In Sherhaben, Sultan Maurobi received Christian Klee with the utmost friendliness, as if there had never been the crisis of a few months before. The Sultan was affable but appeared on guard and a little puzzled. “I hope you bring me good news,” he said to Klee. “After all the regrettable unpleasantness, I am very anxious to repair relations with the United States and, of course, your President Kennedy. In fact, I hope your visit is in regard to this matter.”

Klee smiled. “I came for that very purpose,” he said. “You are in a position, I think, to do us a service that might heal the breach.”

“Ah, I am very happy to hear that,” the Sultan said. “You know, of course, that I was not privy to Yabril’s intentions. I had no foreknowledge of what Yabril would do to the President’s daughter. Of course, I have expressed this officially, but would you tell the President personally that I have grieved over this for the past months. I was powerless to avert the tragedy.”

Klee believed him, that the murder had not been in the original plans. And he thought how all-powerful men like Sultan Maurobi and Francis Kennedy were helpless in the face of uncontrollable events, the will of other men.
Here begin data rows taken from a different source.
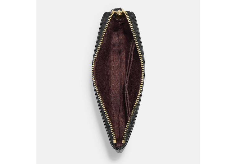 Printed coated canvas and smooth leather Two credit card slots Zip-top closure fabric lining Wrist strap attached 6 1/4 (L) x 4 (H) x 1/2 (W) Style No. CF548 | Outlet Corner Zip Wristlet With Monogram Print - Black
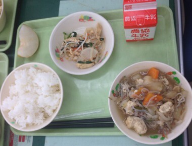 ごはん  すき焼き風煮  五目なます  フルーツ(梨)  牛乳
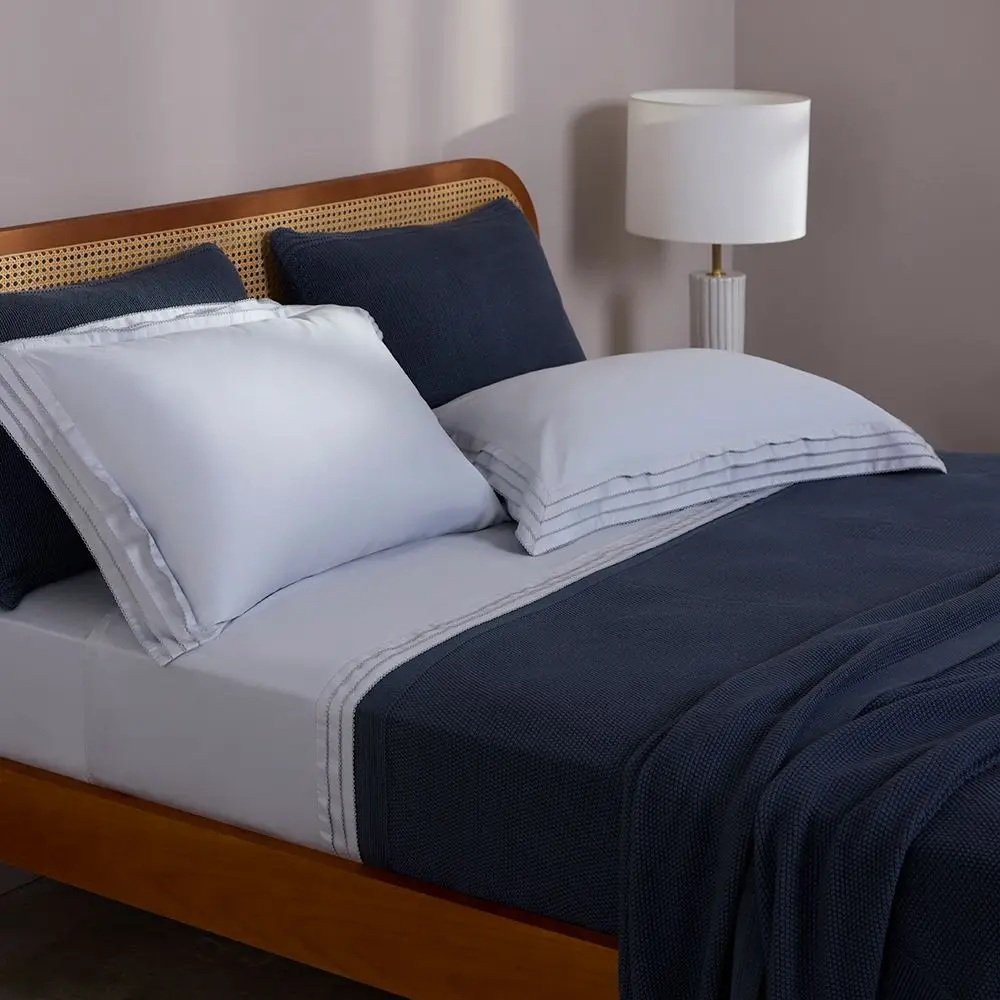 Cor: Azul Frost/Azul Marca: Buddemeyer Luxus Conteúdo: 1 sobrelençol 240cm x 280cm / 1 lençol 160cm x 200cm x 40cm / 2 fronhas 50cm x 70cm Composição: tecido 400 fios / 100% algodão / fio penteado Tipo de Material: tecido 400 fios / 100% algodão / fio penteado Instruções de Cuidado: Cores escuras devem ser lavadas separadas das cores claras / Lavar em água fria ou em temperatura de até 60°C / O melhor sabão para manter as características do produto é o de coco ou neutro / Não colocar sabão diretamente no produto / Evite alvejantes e quaisquer produtos a base de cloro, eles atacam o corante dos tecidos / Não exagere no uso de sabão em pó e use pouco amaciante / Permite secadora em temperatura baixa / Temperatura máxima da base do ferro 110°C / Não usar ferro a vapor / Não lavar a seco
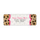 A return address label featuring a background of leopard print. Personalize with your name and address over sheer center section. Pink Trim. Look for matching items at The Pink Schoolhouse.
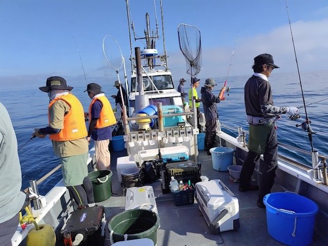 42~50cm 0~3匹 チャリコ(マダイ) 20~30cm 0~2匹 9月23日(火)あらし丸真鯛ジグ・タイラバ船釣果報告 【釣果】 ・真鯛50-45-45-42-40(船中5匹) ・チャリコ(船中10匹) ・イナダ ・ホウボウ ・カナガシラ ・サバ 【天候】晴 【水温】24℃ 【水色】澄 【コメント】 ~真鯛ダービー記録~ 暫定1位77cm(5.8kg) 暫定2位75cm(4.9kg) 暫定3位74cm(4.9kg) 今日のあらし丸は...カチカチ甘噛み真鯛。追わない。掛けてほしいな。 お疲れさまでした!
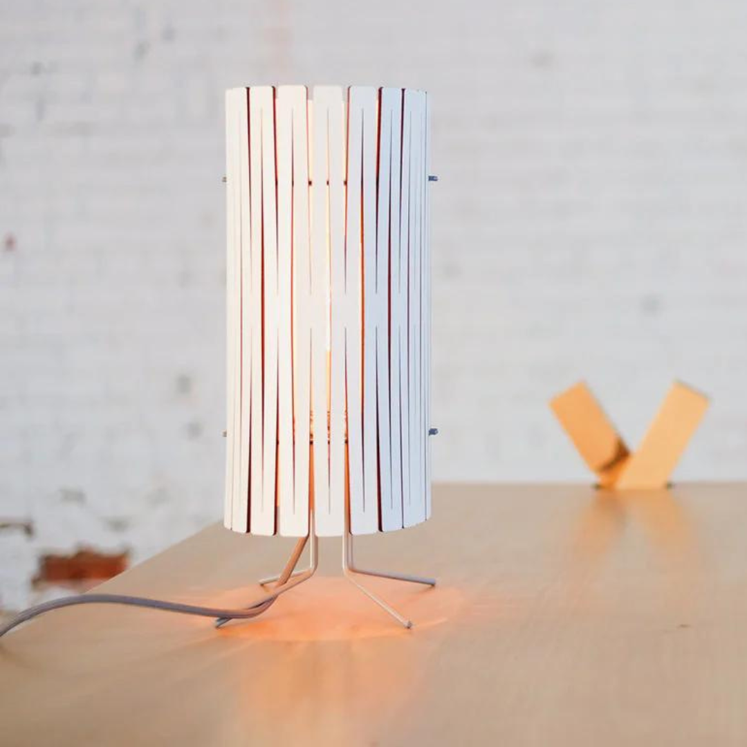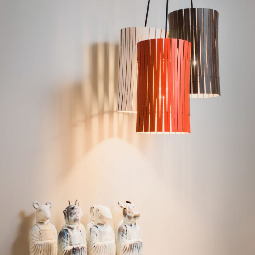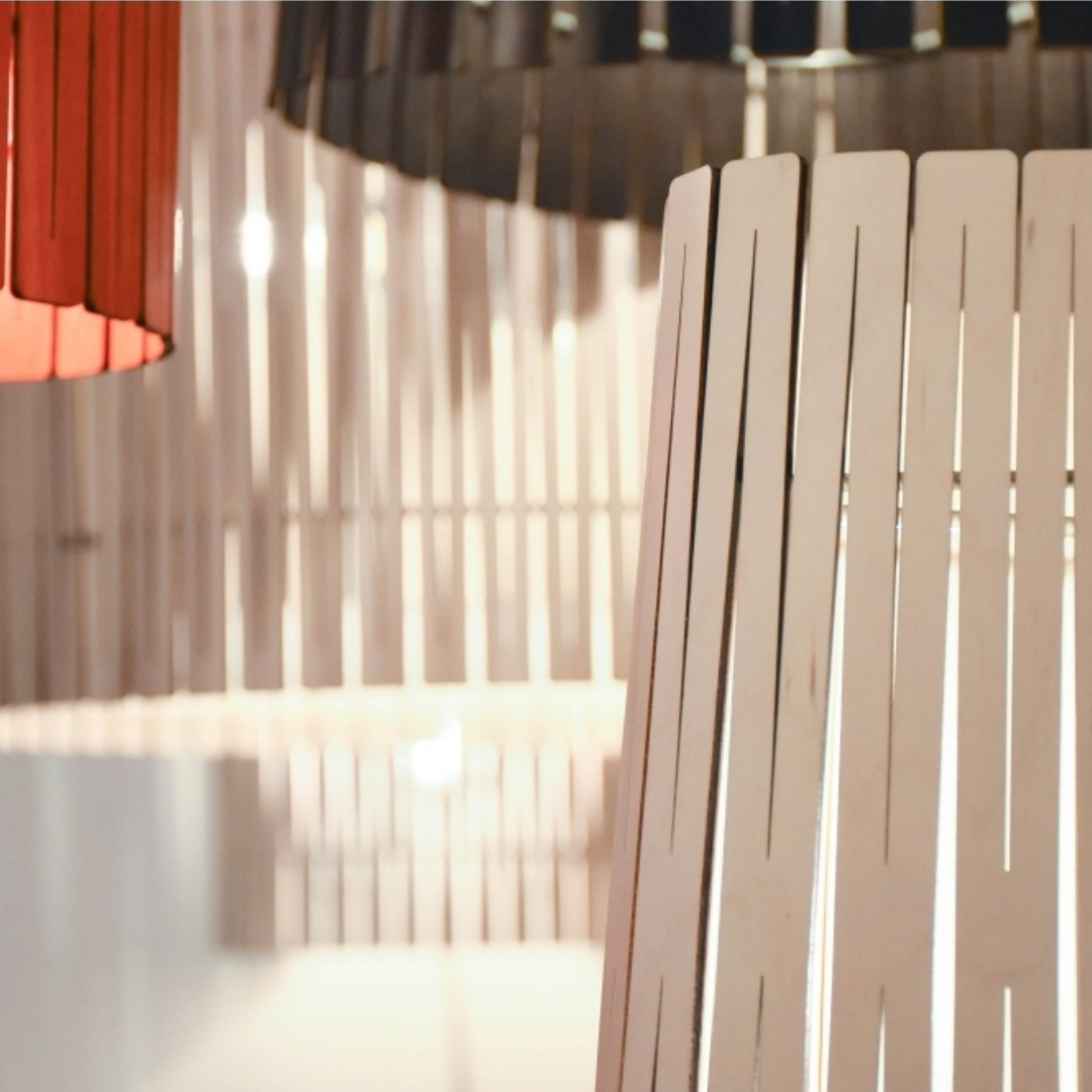 The lampshades are made from high-quality FSC-certified plywood with a unique sawn pattern in the panels that cast intriguing shadow patterns on your walls and table surfaces.

But now he said to the Sultan, “Your giving up Yabril has reassured the President on that point.” This they both knew was mere politeness. Klee paused for a moment and then went on. “But I’m here to ask you to do me a personal service. You know I am responsible for the safety of my President. I have information that there is a plot to assassinate him. That terrorists have already infiltrated into the United States. But it would be helpful if I could get information as to their plans and to their identity and location. I thought that with your contacts you might have heard something through your intelligence agencies. That you might give me some scraps of information. Let me emphasize that it will only be between the two of us. You and I. There will be no official connection.”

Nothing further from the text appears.